Additional clinical assessments before and after training

The modified Ashworth scale was used to assess muscle tone during passive movements on a 6-point scale ranging from 0 (no increase in muscle tone) to 5 (rigid) [21]. The total score was calculated by summing elbow flexion/extension and wrist flexion/extension scores, with 20 being the highest score [21].
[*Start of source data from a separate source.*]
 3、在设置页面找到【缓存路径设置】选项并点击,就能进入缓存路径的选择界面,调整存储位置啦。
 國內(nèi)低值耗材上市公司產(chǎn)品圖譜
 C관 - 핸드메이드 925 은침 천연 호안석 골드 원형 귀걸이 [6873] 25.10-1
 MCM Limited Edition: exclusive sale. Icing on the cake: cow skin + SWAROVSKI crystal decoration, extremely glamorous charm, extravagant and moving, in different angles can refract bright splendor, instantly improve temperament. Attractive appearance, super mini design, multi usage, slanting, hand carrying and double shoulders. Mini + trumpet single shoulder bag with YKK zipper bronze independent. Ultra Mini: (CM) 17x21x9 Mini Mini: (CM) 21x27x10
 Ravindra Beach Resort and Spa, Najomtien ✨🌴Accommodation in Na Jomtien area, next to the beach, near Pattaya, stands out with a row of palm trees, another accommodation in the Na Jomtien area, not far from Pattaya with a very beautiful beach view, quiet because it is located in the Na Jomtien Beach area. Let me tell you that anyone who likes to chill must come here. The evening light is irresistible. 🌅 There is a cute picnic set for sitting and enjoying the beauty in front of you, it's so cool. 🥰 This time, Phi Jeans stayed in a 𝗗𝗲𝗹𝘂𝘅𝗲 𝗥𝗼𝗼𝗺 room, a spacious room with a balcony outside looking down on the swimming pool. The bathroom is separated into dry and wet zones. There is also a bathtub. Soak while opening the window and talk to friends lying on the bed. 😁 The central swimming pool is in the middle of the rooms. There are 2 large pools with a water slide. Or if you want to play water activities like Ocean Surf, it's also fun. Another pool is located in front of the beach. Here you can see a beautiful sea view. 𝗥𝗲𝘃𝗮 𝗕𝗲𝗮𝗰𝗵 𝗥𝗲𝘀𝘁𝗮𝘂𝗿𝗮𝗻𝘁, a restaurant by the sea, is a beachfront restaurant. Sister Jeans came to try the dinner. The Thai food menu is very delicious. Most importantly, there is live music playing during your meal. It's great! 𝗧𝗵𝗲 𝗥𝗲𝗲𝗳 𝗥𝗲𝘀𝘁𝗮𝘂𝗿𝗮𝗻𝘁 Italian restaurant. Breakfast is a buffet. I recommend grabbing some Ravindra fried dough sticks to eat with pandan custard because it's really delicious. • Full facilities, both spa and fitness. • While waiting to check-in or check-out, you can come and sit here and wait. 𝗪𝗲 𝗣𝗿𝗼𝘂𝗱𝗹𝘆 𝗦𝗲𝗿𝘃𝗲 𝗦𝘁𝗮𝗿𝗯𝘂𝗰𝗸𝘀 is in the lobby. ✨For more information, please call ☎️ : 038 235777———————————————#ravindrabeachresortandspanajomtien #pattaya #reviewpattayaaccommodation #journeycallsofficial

The non-motor domains of the FMA-UE were used to assess passive joint motion and joint pain [20]. Each domain has a maximum score of 24, indicating a normal passive range of motion and no pain.

Data analysis

The data of this A-B-A single case design study was evaluated by visual and statistical analysis [15, 16]. The visual analysis was conducted to evaluate data trends, stability, levels, variability, and overlap within and in between phases. Two authors (MMN and MAM) independently conducted the visual analysis and reached a consensus. Tau-U, which combines two non-parametric tests (Kendall's rank correlation test and Mann–Whitney U statistic), was used to quantify the magnitude of the intervention effect. Tau-U combines non-overlap between phases with intervention phase trends and corrects for baseline trend. Tau-U can adjust for the baseline trends and is applicable to ordinal data. The Tau-U summary index (A1 vs. A2 − trend A1) can be understood as an effect size coefficient, showing the proportion of the data that improves from baseline to post-intervention after adjusting for the baseline trend [29, 30]. The Tau-U calculator from College Station, Texas University (http://singlecaseresearch.org/) was used to analyze the A1 and A2 phases. The Tau-U effect sizes were interpreted as 0.00–0.25 (very low), 0.26–0.49 (low), 0.50–0.69 (moderate), 0.70–0.89 (large), and 0.90–1.00 (very large) [31]. The statistical significance level was set at p < 0.05. The statistical analysis excluded the follow-up phase due to inconsistent follow-up times and missing data.

To provide an overview of observed individual changes in relation to established MCIDs, a percentage of change (difference in median scores from baseline to post-intervention) was calculated. A value of 100% indicated that the change reached the established MCID.